The estimates are in surprising agreement with the measurements of the CDF collaboration.   
We briefly discuss the application of the model to other hard processes with rapidity gaps.  
\end{abstract}                                                  
             
\newpage                   
\section{Introduction}           
   
There has been much interest in the probability of rapidity gaps in high energy interactions to   
survive, since they may be populated by secondary particles generated by rescattering   
processes, see, for example, \cite{A1}--\cite{A8}.  The effect can be described in terms of  
screening or  
absorptive corrections.  To the best of our knowledge, the term survival probability was  
introduced by Bjorken \cite{A2} who estimated the probability using   
\be   
\label{eq:a1}   
S^2 \; = \; \frac{\int \: |{\cal M} (s, b) |^2 \: e^{- \Omega (b)} \: d^2 b}{\int \: | {\cal M} (s, b)   
|^2 \: d^2 b},   
\ee   
where ${\cal M}$ is the amplitude (in impact parameter $b$ space) of the particular   
process of interest at centre-of-mass energy $\sqrt{s}$.  $\Omega$ is the opacity (or optical   
density) of the interaction of the incoming hadrons\footnote{That is $i [1 - \exp (- \Omega/2)]$  
is the usual elastic scattering amplitude in impact parameter space.  $\Omega/2$ is frequently  
called the eikonal.}.   
   
It is perhaps more accurate to use the term \lq\lq suppression factor\rq\rq\ of a hard process  
accompanied by a rapidity gap, rather than \lq\lq survival probability\rq\rq.  It depends not  
only on the probability of the initial state to survive, but is sensitive to the spatial distribution  
of partons inside the incoming hadrons, and thus on the dynamics of the whole diffractive  
part of the scattering matrix.  It is important to  
note that the suppression factor $S^2$ is not universal, but depends on the particular hard  
subprocess, as well as the kinematical configurations.  In particular, $S^2$ depends on the  
nature of the colour-singlet (Pomeron or $W/Z$ boson or photon) exchange which generates  
the gap as well as on the distributions of partons inside the proton in impact parameter space  
\cite{KMR,KMR4,KMRH,GLM}.  In this paper we emphasize the importance of the dependence on the characteristic 
momentum fractions carried 
by the active partons in the colliding hadrons.  This leads to a much richer structure of the  
probability of rapidity gaps in processes mediated by colour-singlet $t$-channel exchange.   
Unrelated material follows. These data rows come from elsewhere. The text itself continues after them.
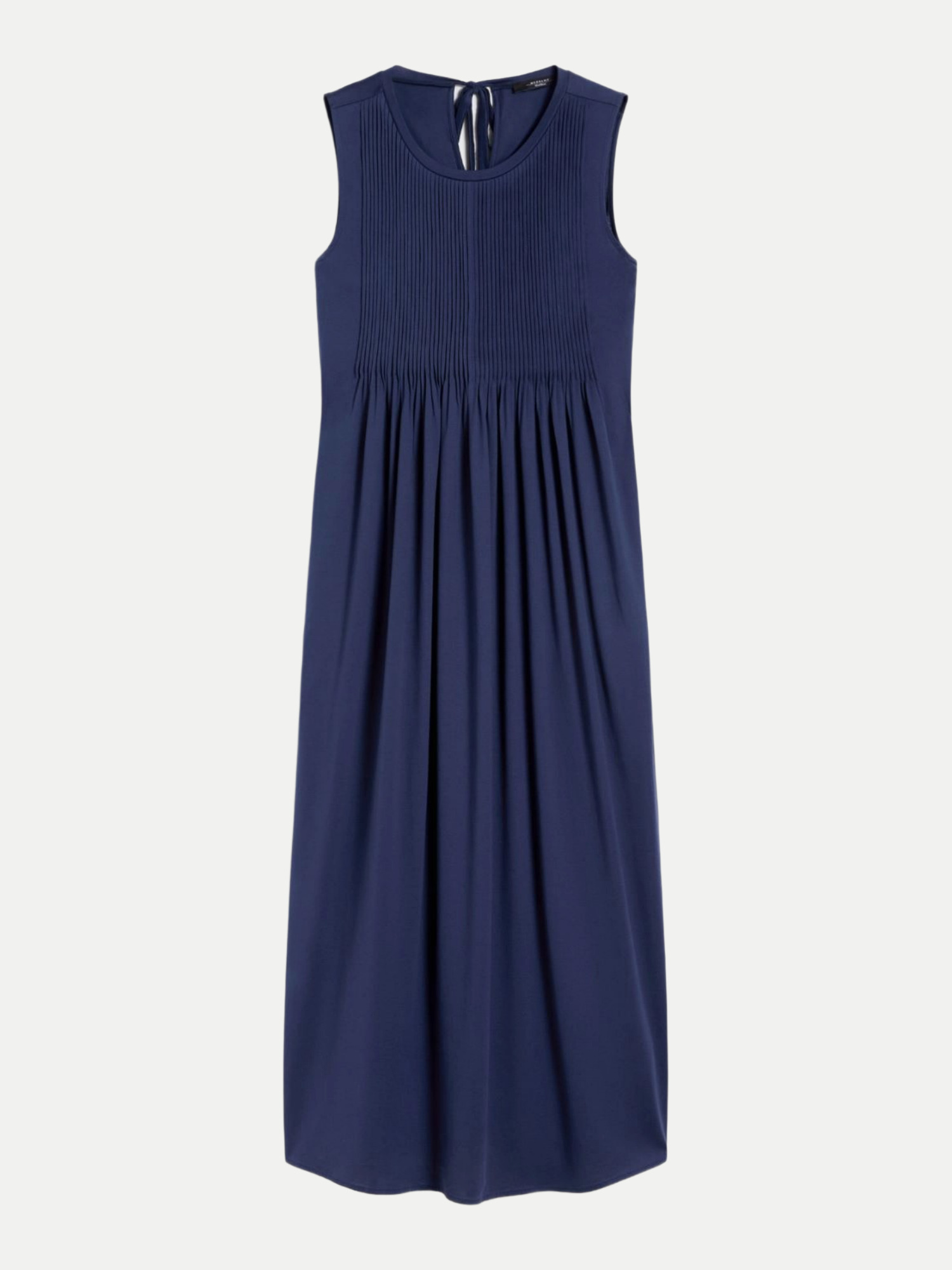Das besondere Highlight des Kleides ist das plissierte Motiv auf der Vorderseite, das dem Kleid Bewegung und Volumen verleiht. Der Rundhalsausschnitt und die breiten Schulterträger sorgen für einen modernen und zugleich zeitlosen Look. Zudem bietet die Rückseite eine raffinierte Tränenöffnung mit Selbstbindung am Nacken, die einen Hauch von Raffinesse hinzufügt.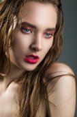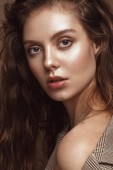 piękna kobieta głowa i ramiona portret, jasne błyszczące skóry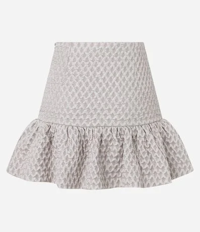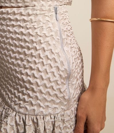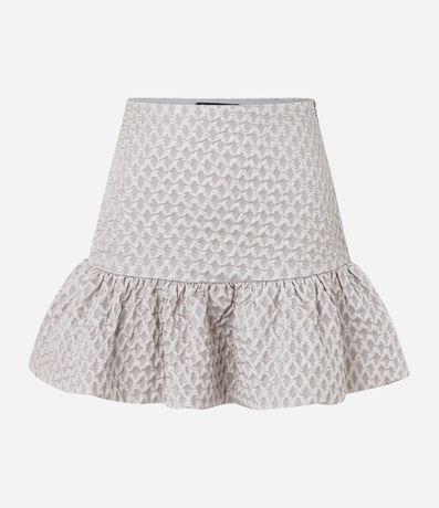 Ref: Saia balonê curta com fechamento lateral por zíper, barra franzida e textura jacquard.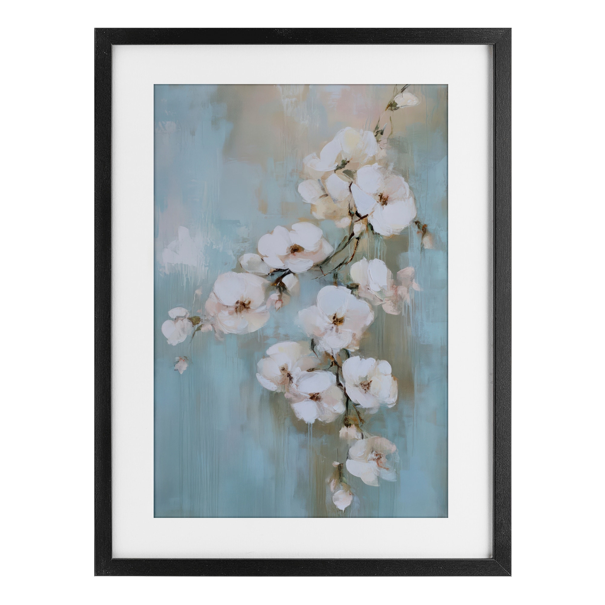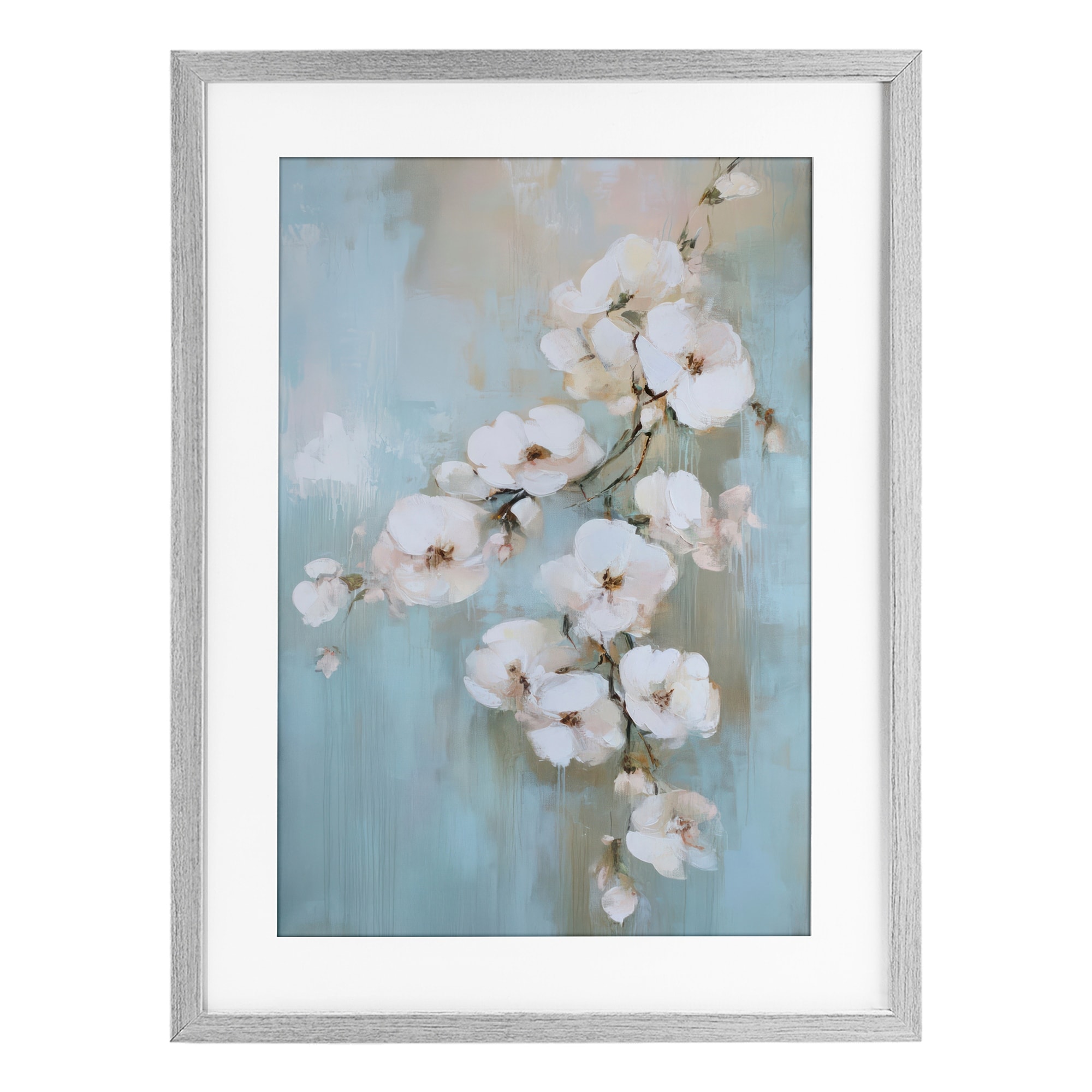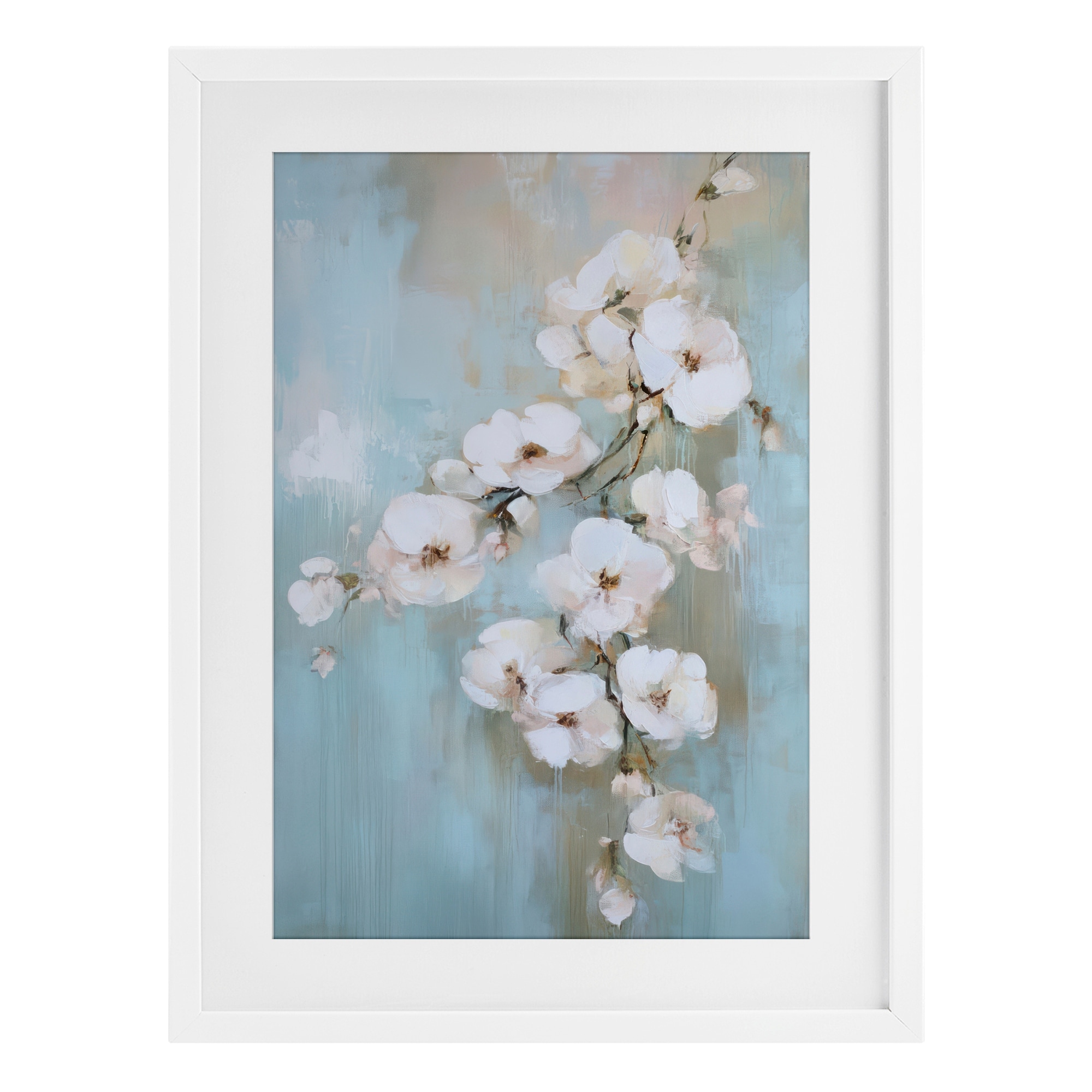 Stupell Fading White Flowers on Blue Under Glass Framed Design By Gina Kelly

The framework was introduced long ago\footnote{Reviews can be  
found, for example, in Refs.~\cite{B3,B4}.} \cite{B1,B2}, but only with the   
advent of rapidity gap events being observed in hard processes at the Tevatron and at HERA,   
is this rich physics now revealing itself.    
  
In Section~2 we briefly review the general framework, and, in particular, discuss a   
two-channel partonic model of diffraction.  Measurements of diffractive dijet production with a leading 
antiproton have been made recently by the CDF collaboration \cite{CDF} at the Tevatron.  This is an ideal  
process with which to compare the specific predictions of the models for high energy diffraction.  
In Section~3 we specify the partonic structure of the diffractive two-channel eigenstates.  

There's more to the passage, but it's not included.